2. Materials and Methods

2.1. Cell Culture

Fibroblasts, keratinocytes, and human dermal microvascular endothelial cells (HDMECs) were isolated from samples of healthy breast skin. The keratinocytes (≈5000 cells/cm2) were seeded onto a feeder layer of irradiated 3T3 mouse fibroblasts (20000 cells/cm2); passage 4 fibroblasts and passage 1 keratinocytes were used in all experiments. The HDMECs were isolated from the dermis by scrubbing and applying pressure to the dermal pieces. The HDMECs were then purified using anti-human CD31 dynabeads (Invitrogen). The concentration of magnetic dynabeads varied between 3 : 1 and 1 : 3 bead-cell ratio depending on the density of fibroblast-cell contamination in the sample. The HDMECs were then cultured on gelatin coated 6-well plates. HDMECs from passage 2 were used for all experiments.

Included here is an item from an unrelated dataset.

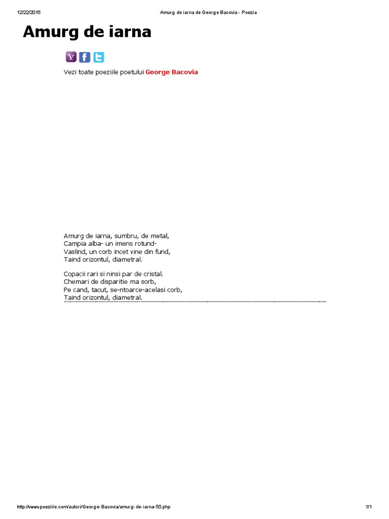Lumea Poeziilor George Bacovia Amurg De Iarnă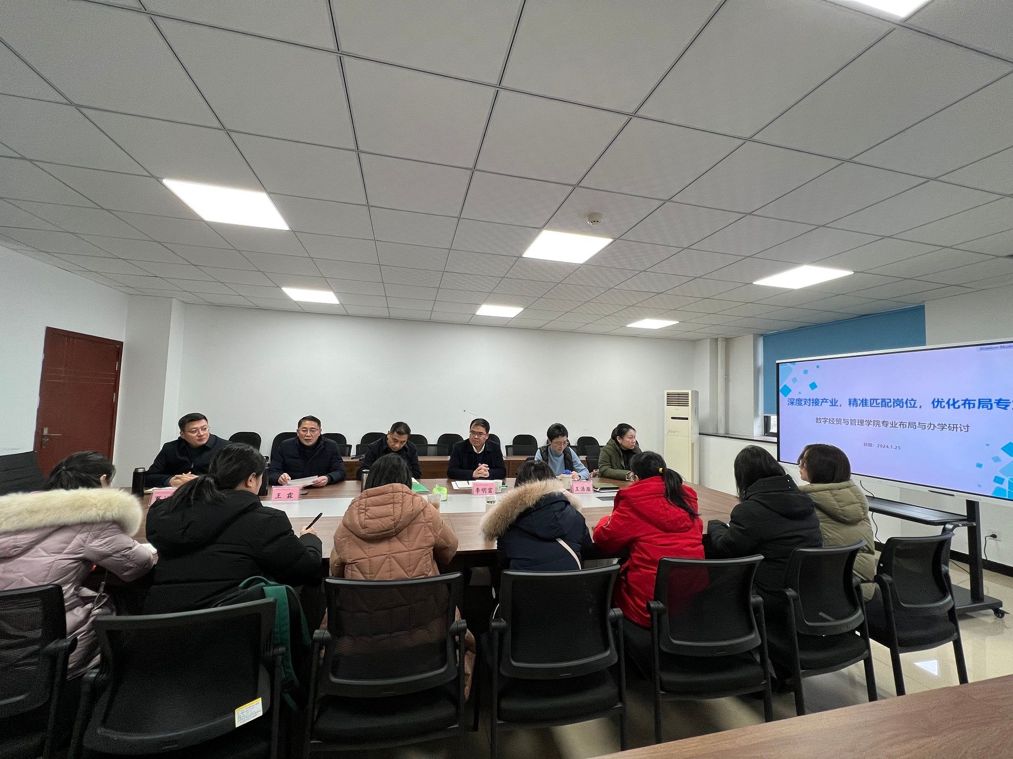 为深度对接产业、精准匹配岗位、优化布局专业,进一步提升我校财经商贸类专业人才培养质量服务区域经济的能力。1月25日数管学院在融创楼A402召开了专业布局与办学研讨会。学校校长孙锐、副校长李明富亲临会议指导,数管学院班子成员、办公室主任、骨干教师等参加了研讨会。

DME (Dulbecco-Vogt modification of Eagle’s) medium with supplements (10% fetal calf serum, penicillin (P, 100 IU/mL), and gentamicin (G, 25 μg/mL)) was used for the fibroblasts. Keratinocytes were cultured in DH (Dulbecco-Vogt modification of Eagle’s medium with Ham’s F12 in a 3 : 1 ratio) with supplements (5% FetalClone II serum, 5 μg/mL insulin, 0.4 μg/mL hydrocortisone, 10 ng/mL epidermal growth factor, 10−10 mol/L cholera toxin, P, and G). EGM-2 MV SingleQuots Kit media with supplements and growth factors (Lonza) were used for ECs. Culture media were changed three times a week. All cultures were kept under 8% CO2 and at 37°C in an incubator.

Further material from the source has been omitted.